[Collected data entries]
┄┄┄┄┄┄┄┄┄┄
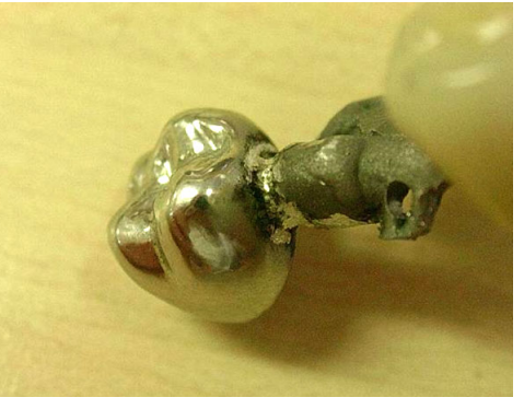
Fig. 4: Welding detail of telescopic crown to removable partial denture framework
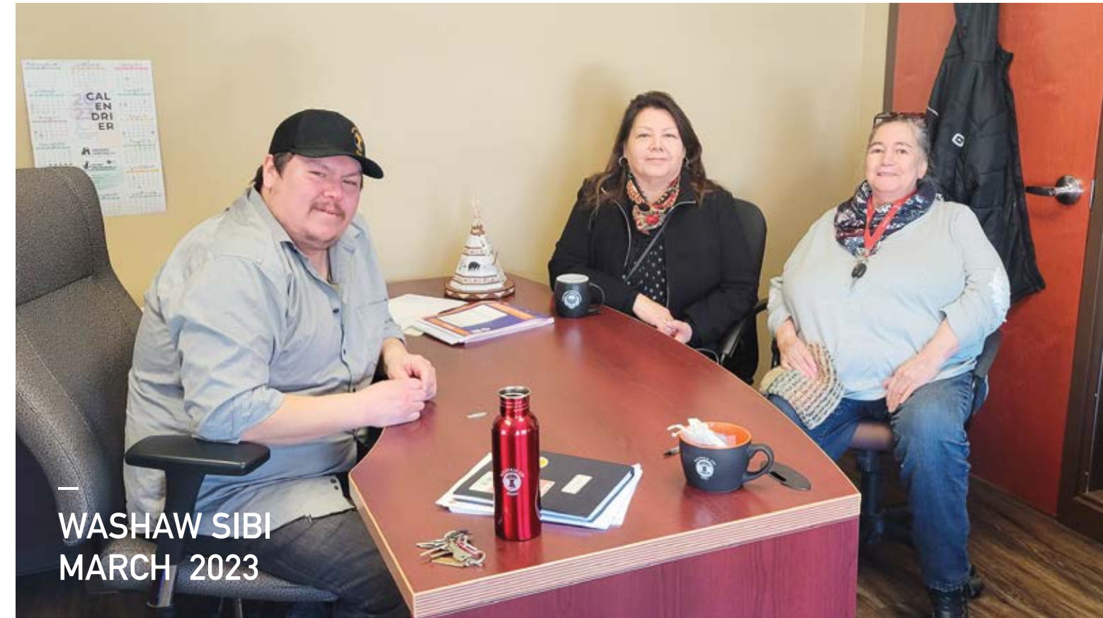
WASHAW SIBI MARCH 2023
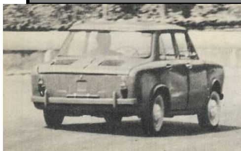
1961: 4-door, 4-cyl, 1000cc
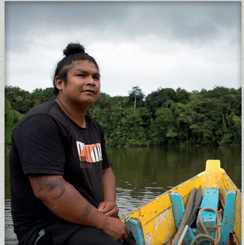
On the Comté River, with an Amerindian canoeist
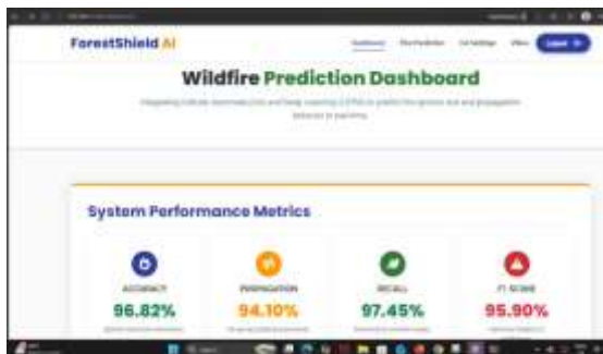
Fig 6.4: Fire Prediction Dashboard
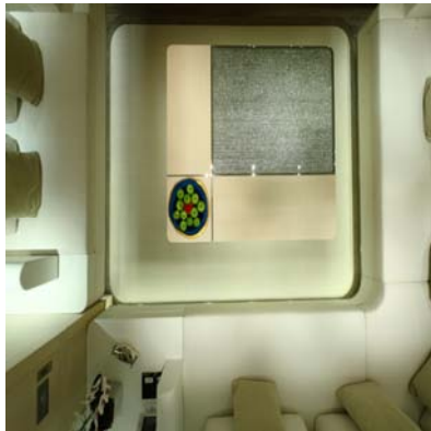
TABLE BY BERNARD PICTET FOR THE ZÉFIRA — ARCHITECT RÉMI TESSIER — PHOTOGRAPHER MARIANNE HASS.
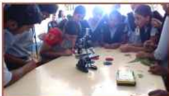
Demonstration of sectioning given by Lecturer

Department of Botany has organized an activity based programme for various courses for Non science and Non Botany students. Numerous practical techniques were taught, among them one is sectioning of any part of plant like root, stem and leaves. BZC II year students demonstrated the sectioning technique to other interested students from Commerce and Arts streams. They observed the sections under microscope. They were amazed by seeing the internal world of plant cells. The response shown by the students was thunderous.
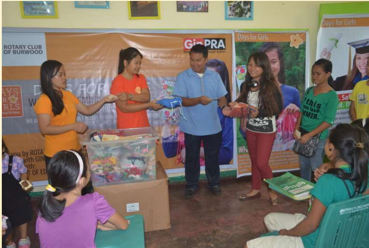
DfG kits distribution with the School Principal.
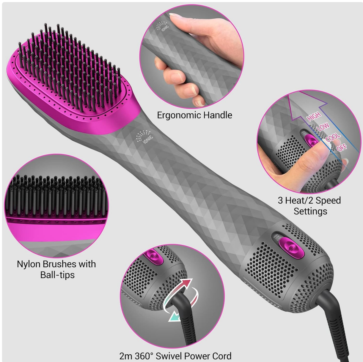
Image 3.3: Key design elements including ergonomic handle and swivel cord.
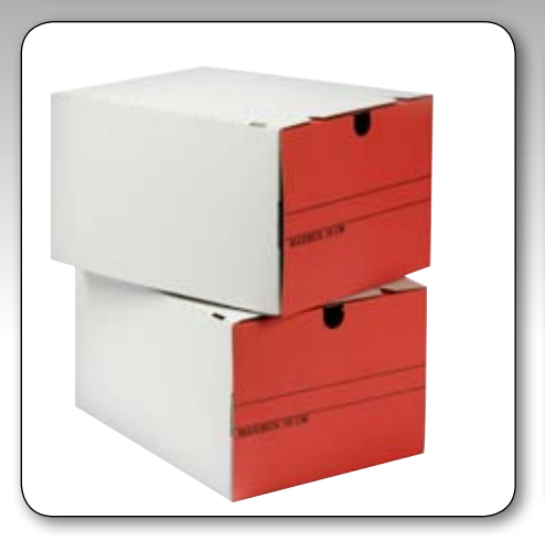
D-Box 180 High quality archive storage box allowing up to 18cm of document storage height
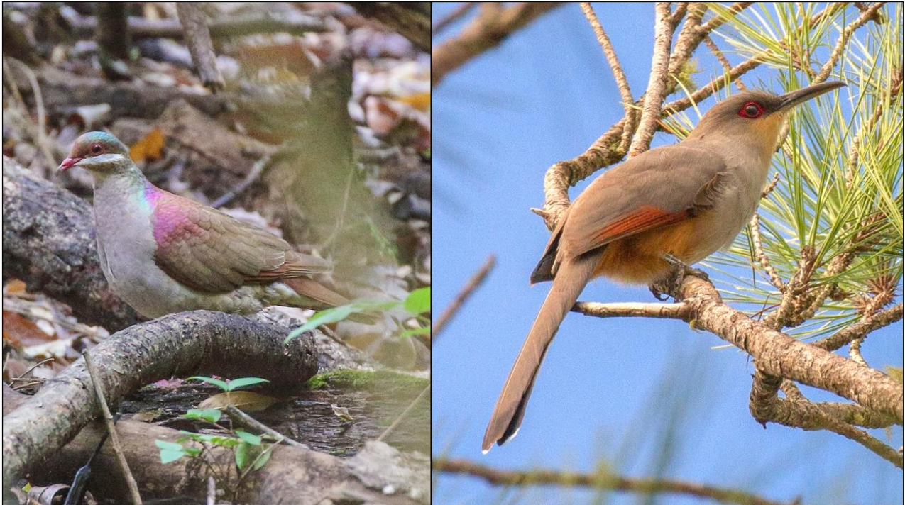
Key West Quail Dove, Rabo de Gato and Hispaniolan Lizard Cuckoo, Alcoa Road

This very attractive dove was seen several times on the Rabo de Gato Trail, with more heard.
┄┄┄┄┄┄┄┄┄┄
§ EXERCISE INSTRUCTIONS
Pictures are to be left out, and the lines from the beginning of the records through the line with "TABLE BY BERNARD" are to be printed exactly, with nothing added.

§ RESULT BELOW
Fig. 4: Welding detail of telescopic crown to removable partial denture framework
WASHAW SIBI MARCH 2023
1961: 4-door, 4-cyl, 1000cc
On the Comté River, with an Amerindian canoeist
Fig 6.4: Fire Prediction Dashboard
TABLE BY BERNARD PICTET FOR THE ZÉFIRA — ARCHITECT RÉMI TESSIER — PHOTOGRAPHER MARIANNE HASS.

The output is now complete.